AIDS follows Afghanistan's 'miniglobalization'

For nine long years, Laila has walked the streets of Kabul in a sky-blue burqa veil, eking out a living as a prostitute.

It is an occupation with many risks in a traditional Islamic society like Afghanistan, and a profession that was especially dangerous under the Taliban government, which punished prostitutes by stoning them to death.

But today, she faces a different threat.

"I have never heard of HIV before, and I don't know what it is," says Laila, who has never before insisted that her customers use condoms. "The women who go into prostitution, they don't worry about their lives. If we die, what does it matter? If I live, what does it all mean?"

The emergence and spread of HIV, the virus linked to AIDS, largely passed over Afghanistan during its 23 years of civil war. Now Afghanistan is witnessing one of the largest influxes of people in its history, and among all the new arrivals is a foreign disease that even rich countries have trouble controlling. And while the numbers of people testing positive for HIV are low - last year eight, this year 15 - the nascent problem has deep social, moral, and political reverberations.

The disease has made inroads not only through prostitution, but through illicit drug use, say health officials. There are some 6,000 intravenous drug users in Kabul alone, most of them heroin addicts who have returned from refugee camps in Pakistan and Iran.

As a senior planning official at the Ministry of Public Health, Dr. Hedayatullah Stanekzai says he regards AIDS in Afghanistan as a serious problem. But in a country with so many health problems already at the crisis stage, it is nearly impossible to give adequate attention to a future problem like AIDS, he says.

"We have the highest maternal mortality rate in the world; for every 100,000 live births, 106 mothers die giving birth," he says. "We have one of the highest infant mortality rates in the world. We have unsafe drinking water and poor hygiene. Sixty percent of the population suffer from chronic malnutrition. AIDS is just in the early stages, and we are doing what we can. But we have to focus on our bigger priorities."

Health ministry officials do consider AIDS a big enough problem to devote a portion of their $170 million budget this year to set up an HIV/AIDS department, and to place stricter screening controls on the Central Blood Bank, where all 15 of the current cases were discovered.

In many ways, the political issue of prostitution and AIDS has become larger than the medical issue of AIDS itself. In August, after a sudden influx of Chinese and Thai prostitutes into the country, dozens of mullahs around Kabul issued a common warning in their mosques, saying that the government of President Hamid Karzai had "brought nothing to Afghanistan except alcohol and prostitutes."

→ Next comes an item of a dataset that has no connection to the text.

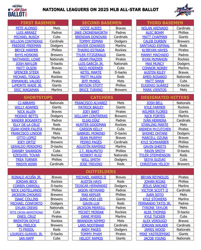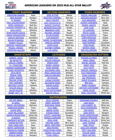 Major League Baseball released the 2025 All-Star ballot Wednesday for the game that will be played Tuesday, July 15 at Truist Park in Atlanta.

"We are going through a mini-globalization here in Afghanistan, after years of isolation," says Omar Samad, spokesman for the Afghan Foreign Ministry. "It is very difficult to control some of these forces, even those that are unsavory and seedy. But politicizing the issue can send the wrong message. What we need is to preach morality, and to uphold the rule of law."

The best way to prevent further spread of HIV in Afghanistan, some UN and Afghan officials say, is education. A recent survey by the Health ministry found that an astonishing 84 percent of Afghans had never heard of HIV or AIDS. But educating Afghans about a sexually transmitted disease like HIV can be difficult in a traditional culture where sex itself is rarely discussed.

"Islam does not allow you to sleep illegally with another woman, so how can you encourage a man to use a condom?" asks Gul Agha, a senior judge and Islamic scholar from the conservative southern province of Nangrahar. "The best way is to tell people that prostitution is not allowed and to stay away from it."

Mr. Agha says that he would prefer to see mullahs or religious scholars taking the lead in getting the word out.

But Laila says that not even a religious scholar could have stopped her from becoming a prostitute. A widow with five young children to feed, Laila says it was impossible to get an ordinary job, after a rocket fell in a Kabul marketplace and killed her husband.

Her relatives were in no position to take her in. And shopkeepers and office clerks would not hire an illiterate woman with no work experience. In a few months, Laila moved from begging to prostitution. Today, she earns about $20 per customer.

"If anyone gave me a job cleaning windows, cleaning tables, cleaning floors, and if I could have enough money to feed my family, I wouldn't do this work," she says.

Like Laila, Mohammad Farid became a prostitute after his family's sole breadwinner - his father - died in the war. Also like Laila, he rarely practices safe sex, and has never heard of HIV or AIDS.

"If I can find another job, I will leave this work," says the 17-year-old, who says he earns just $3 per customer, which he brings home to his widowed mother and two sisters.

Now that he knows about AIDS, Mohammad says he will think about insisting that his customers use condoms. But at his age, a time when most Afghans start thinking of marriage, Mohammad worries that his chances of switching jobs are slim.

"It's difficult to get out of this work," he says. "I have tried so many places to get a job, but they reject me. I worry about diseases, but there's nothing I can do. I have to work."